UWB Antenna Structure and Electronic Equipment

technical field

The present disclosure relates to the technical field of microwave communication, in particular to an ultra-wideband antenna structure and electronic equipment.

Background technique

Ultra Wide Band (UWB, Ultra Wide Band) antenna has the advantages of wide frequency range, sufficient channel capacity and fast transmission speed, and can resist noise and interference in complex environments. It is quickly applied in short-distance communication systems.
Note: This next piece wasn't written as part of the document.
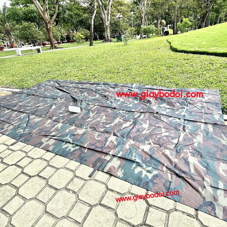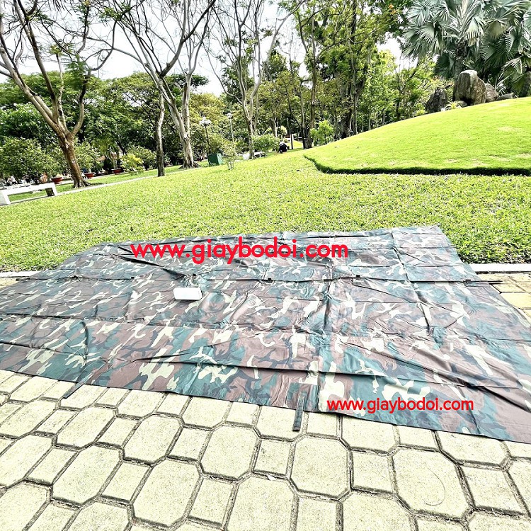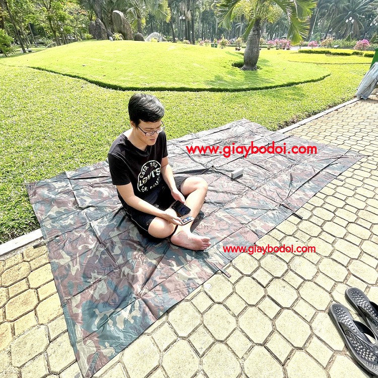 - Ở các cạnh bên và ở giữa có đai để có thể treo, mắc hoặc neo lại,chất liệu, hai mặt, mềm, dày, chống nước tuyệt đối .. Nếu cắm trại có thể mang theo đểtrải bên trong lều để ngủ. Các mốinối hay đường may đều có keo chống nước. Trọng lượng 1.3 kg

A new type of communication technology has attracted the attention of the communication field.

Contents of the invention

The ultra-wideband antenna structure provided by the embodiments of the present disclosure includes:

Dielectric substrate;

An antenna structure located on one side of the dielectric substrate; wherein the antenna structure includes a radiation patch and a feeder;

a ground layer located on a side of the dielectric substrate away from the antenna structure;

Wherein, the radiation patch has a first hollow slit, and the length of the first hollow slit is related to λ/2; λ represents the wavelength within the frequency band of the required notch.
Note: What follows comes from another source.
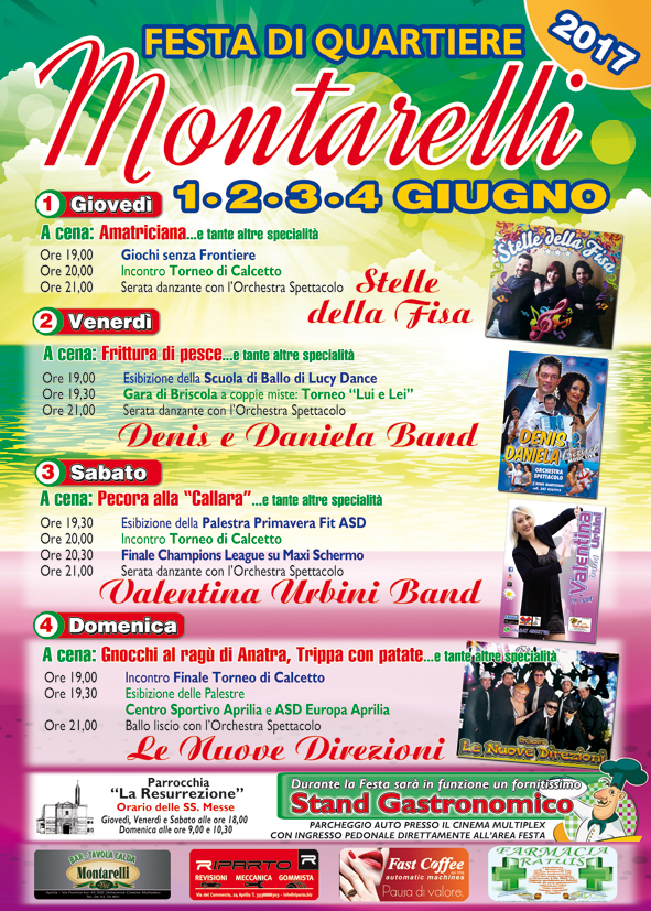 Prosegue per tutto il fine settimana la festa al “Quartiere Montarelli” ad Aprilia. L’evento - iniziato giovedì scorso, 1° giugno, si chiude domani, domenica 4 giugno: “Sarà una festa nel segno della continuità di intenti che sempre ci ha caratterizzato – spiegano gli organizzatori - e contraddistinto per il nostro impegno di regalare al nostro Quartiere momenti di sempre più rara aggregazione sociale, di puro divertimento con tanti spettacoli, il tutto “condito” da una proposta gastronomica davvero notevole, da tutti stimata ed apprezzata e di cui noi andiamo fieri.

In some examples, in the same antenna structure, the first hollow slit is located on a side of the radiation patch away from the feeder line.

In some examples, the first hollow slit includes a first slit portion; the first slit portion extends along a first direction.

In some examples, the first hollow slit further includes a second slit portion and a third slit portion; the second slit portion and the third slit portion respectively extend along the second direction; wherein, the first direction and the second direction intersect;

The second slit is connected to the first end of the first slit; the third slit is connected to the second end of the first slit; wherein, the first slit The portion extends from the first end of the first slit portion to the second end of the first slit portion.

In some examples, the feeder has a second hollow slit, and the length of the second hollow slit is related to λ/2.

In some examples, the second hollow slit includes a fourth slit portion;

The shape of the fourth slit is "n".

In some examples, the radiation patch further includes: fifth slits and sixth slits arranged in mirror images;

The fifth slit is connected to the first end of the fourth slit;

The sixth slit is connected to the second end of the fourth slit;

Wherein, the fourth slit extends from the first end of the fourth slit to the second end of the fourth slit.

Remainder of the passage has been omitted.